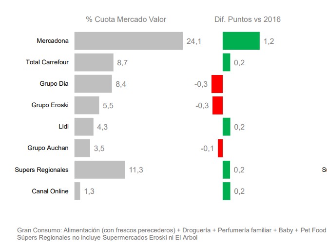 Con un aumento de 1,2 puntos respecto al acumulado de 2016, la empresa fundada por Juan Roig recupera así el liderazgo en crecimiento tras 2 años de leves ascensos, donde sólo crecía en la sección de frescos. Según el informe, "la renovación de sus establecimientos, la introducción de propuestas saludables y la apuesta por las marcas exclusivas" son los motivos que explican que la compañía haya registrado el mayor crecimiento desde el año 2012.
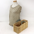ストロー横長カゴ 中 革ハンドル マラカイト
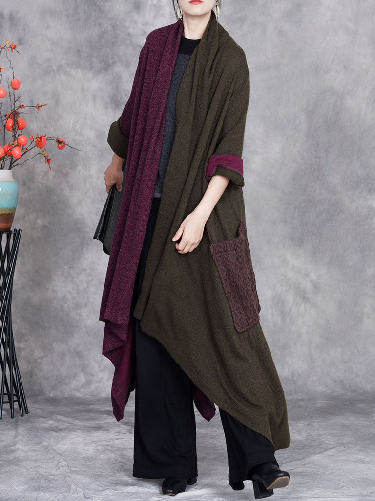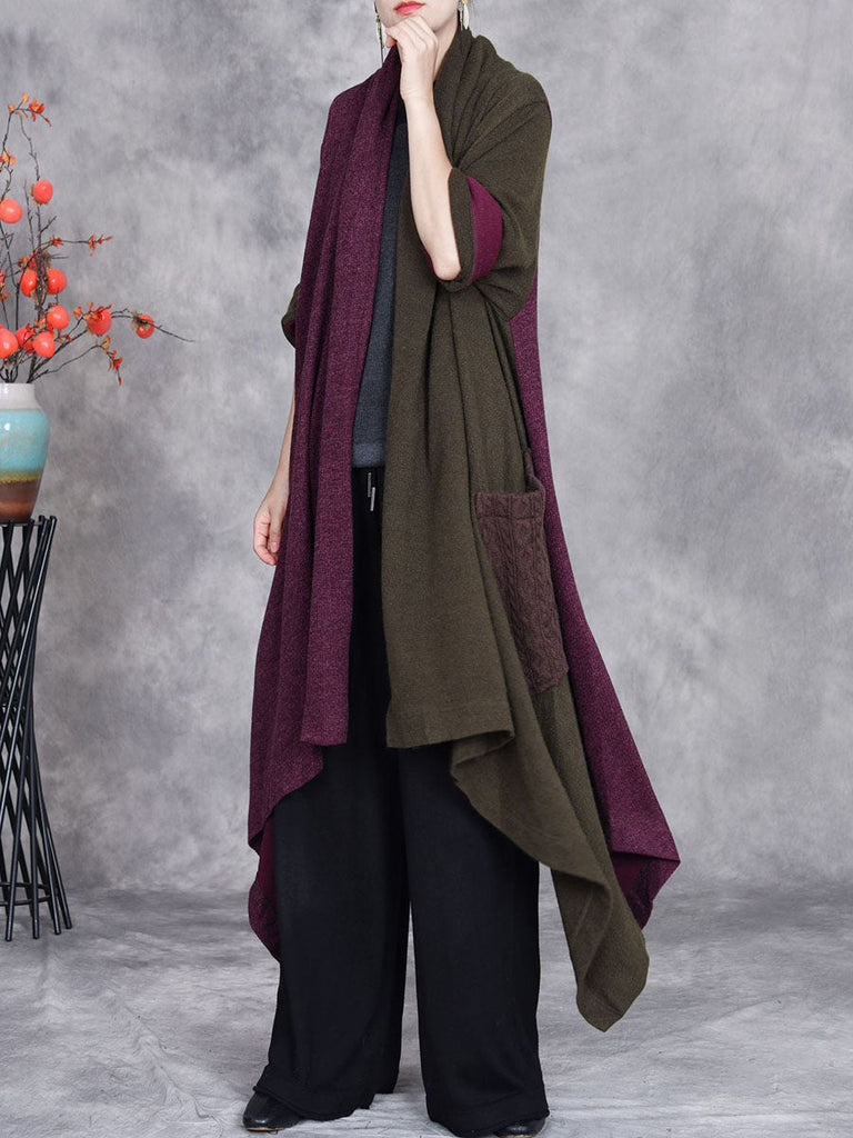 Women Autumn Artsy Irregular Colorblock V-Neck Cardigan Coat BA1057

### Activity
Return the listing above word for word, with the pictures removed.

### Solution
 Con un aumento de 1,2 puntos respecto al acumulado de 2016, la empresa fundada por Juan Roig recupera así el liderazgo en crecimiento tras 2 años de leves ascensos, donde sólo crecía en la sección de frescos. Según el informe, "la renovación de sus establecimientos, la introducción de propuestas saludables y la apuesta por las marcas exclusivas" son los motivos que explican que la compañía haya registrado el mayor crecimiento desde el año 2012.
ストロー横長カゴ 中 革ハンドル マラカイト
 Women Autumn Artsy Irregular Colorblock V-Neck Cardigan Coat BA1057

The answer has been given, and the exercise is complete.